К чему же окончательно привела эта политика? Непосредственным результатом

было то, что все способное мыслить и чувствовать, без различия направлений,

умеренные и крайние, славянофилы и западники, обратились против правительства.

Трудно измерить ту глубину ненависти, которая накипела в эти печальные годы

в сердцах русских образованных людей. Записки Герцена могут дать об этом некоторое

понятие. И, как естественно в таком положении, крайние направления получали

все больший и больший перевес. К ним переходили даже люди склонные к консервативному

образу мыслей. Разумеется, явно высказываться они не могли; но на частных

сходбищах, в литературных кружках, велись горячие прения; на кафедре раздавалось

более свободное слово. С помощью всяких изворотов и умолчаний мысль пробивалась

и в журнальных статьях, которые, падая на восприимчивую почву, получали самое

широкое распространение. Русское общество приучилось читать между строками,

угадывать то, что не досказывалось. Всякий даже отдаленный намек встречал

восторженное сочувствие и переходил из уст в уста. Под всеподавляющим гнетом

происходила тайная работа, но вместе накоплялись и семена ненависти и озлобления.
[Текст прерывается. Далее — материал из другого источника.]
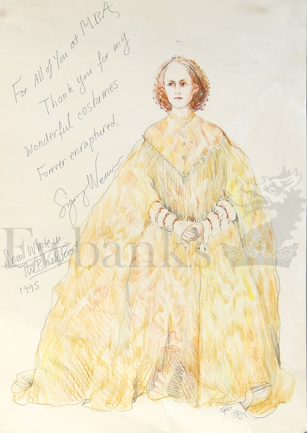 † Snow White A tale of Terror (1997) An original hand drawn costume design for Sigourney Weaver in her leading role as 'Claudia Hoffman'. Executed in pencil and pastels by Weaver's personal costume designer for the film, Charles Knode, and initialed and dated by him. Sigourney Weaver has added a signed hand written note of thanks to the costumiers on production to the left top corner of the design. Please note that VAT is payable on top of the hammer price at 20% in addition to standard buyers premium inc. VAT for this lot.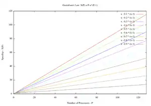 Both Amdahl's law and Gustafson's law assume that the running time of the serial part of the program is independent of the number of processors. Amdahl's law assumes that the entire problem is of fixed size so that the total amount of work to be done in parallel is also independent of the number of processors, whereas Gustafson's law assumes that the total amount of work to be done in parallel varies linearly with the number of processors.

И когда наконец, с переменой царствования и под влиянием внешних событий,

этот гнет был снят, и долго подавленная мысль ринулась на открытое ей поприще

со всем упоением новоприобретенной свободы, умеренное направление скоро было

перегнано крайним. Привыкшее к оппозиции, общество смотрело с оппозиционной

точки зрения даже на самые благие начинания правительства. Под официальными

заявлениями преданности скрывалось неисцелимое недоверие. Всякое слово в пользу

власти разом лишало писателя популярности; напротив, крайние направления приобретали

все больше и больше влияния. Скоро они от слова перешли к делу и проявились

в социалистической пропаганде, которая поставила себе целью разрушение всего

существующего общественного строя. Когда же злодеяния этой партии вызвали

наконец реакцию и в правительстве и в самом обществе, умеренное направление

опять осталось в накладе. При разгаре страстей, голос благоразумия менее всего

может рассчитывать на успех. Борьба умеренных людей с крайними партиями становится

тем затруднительнее, чем менее она находит поддержки в правительстве. Последнее,

становясь на сторону односторонней реакции, тем самым способствует развитию

другой крайности. Здоровая середина исчезает под напором противоположных течений.

Между тем, правительство должно дорожить именно этими средними, здоровыми

элементами, которые представляют истинное зерно просвещения. Движение человеческой

мысли состоит не только в открытии новых путей, но прежде всего в сохранении

и упрочении приобретенного. В этом заключается истинное существо развития.

Только при этом условии прошедшая работа не пропадает даром; только этим установляется

живая связь поколений, составляющая сущность исторического процесса. Мысль,

оторванная от своих корней, теряет почву. В общественной жизни, в особенности,

прочно только то, что имеет корни в прошедшем. Не отрицание, а постижение

исторического содержания составляет задачу науки. Истинное просвещение старается

связать противоположные элементы, становясь посредине между узким и упорным

отстаиванием прошлого и легкомысленным скаканием к неизвестному будущему.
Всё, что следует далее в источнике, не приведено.